== What you should do ==
Retype, word for word, each line between the lines holding "Actually, once I" and "Visit Proof |", inclusive, and leave the rest of the data alone.

== Records shown ==
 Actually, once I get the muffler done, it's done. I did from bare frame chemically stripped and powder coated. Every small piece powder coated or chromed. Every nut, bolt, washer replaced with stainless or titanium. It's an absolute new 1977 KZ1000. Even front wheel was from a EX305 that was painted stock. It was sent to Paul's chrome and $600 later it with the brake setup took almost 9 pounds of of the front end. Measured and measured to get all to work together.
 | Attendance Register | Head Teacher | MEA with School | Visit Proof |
--
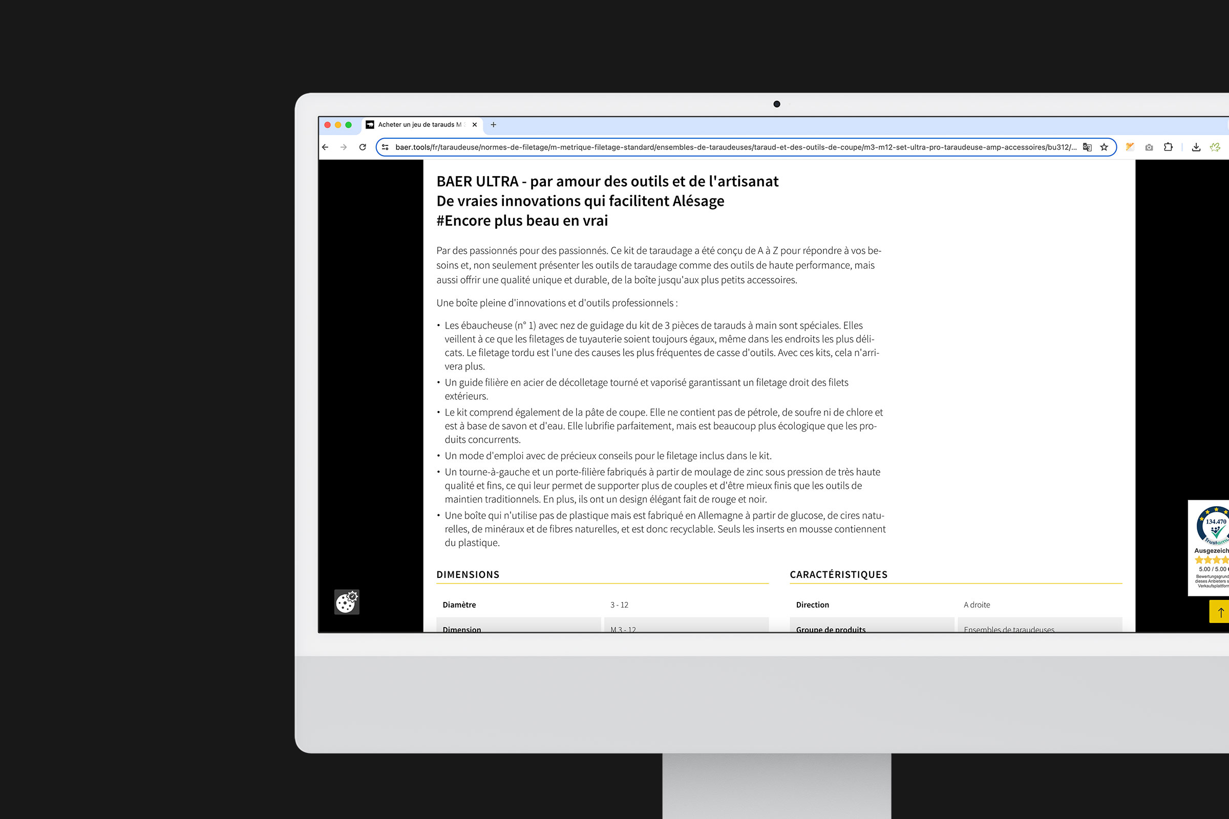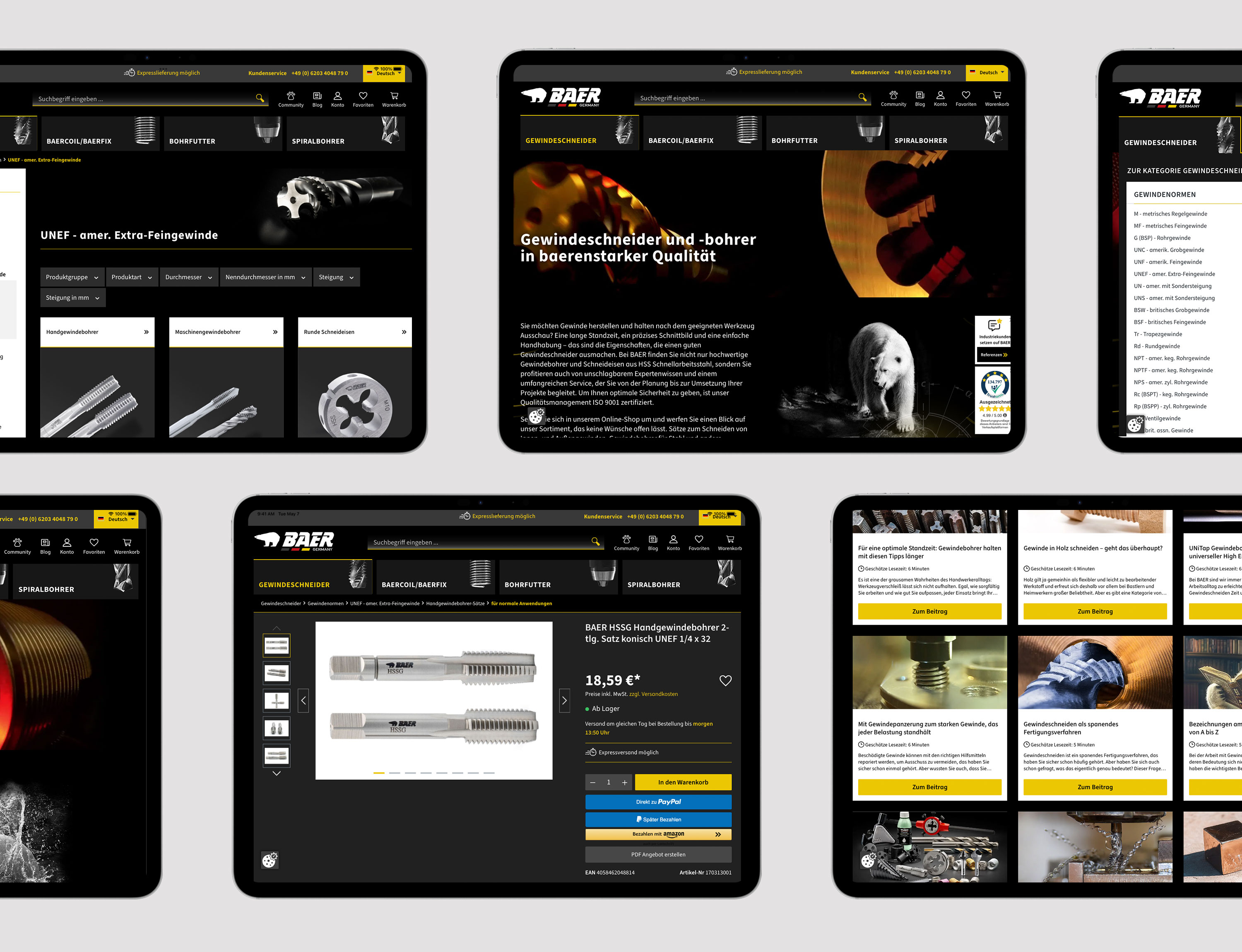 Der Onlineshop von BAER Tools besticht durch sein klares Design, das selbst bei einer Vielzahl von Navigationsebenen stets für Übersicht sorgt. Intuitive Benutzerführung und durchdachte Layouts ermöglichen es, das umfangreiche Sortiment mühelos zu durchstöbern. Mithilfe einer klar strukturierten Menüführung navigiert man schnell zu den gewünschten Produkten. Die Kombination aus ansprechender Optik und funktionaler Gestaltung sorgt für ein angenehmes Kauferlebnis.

== Result of this task ==
 Actually, once I get the muffler done, it's done. I did from bare frame chemically stripped and powder coated. Every small piece powder coated or chromed. Every nut, bolt, washer replaced with stainless or titanium. It's an absolute new 1977 KZ1000. Even front wheel was from a EX305 that was painted stock. It was sent to Paul's chrome and $600 later it with the brake setup took almost 9 pounds of of the front end. Measured and measured to get all to work together.
 | Attendance Register | Head Teacher | MEA with School | Visit Proof |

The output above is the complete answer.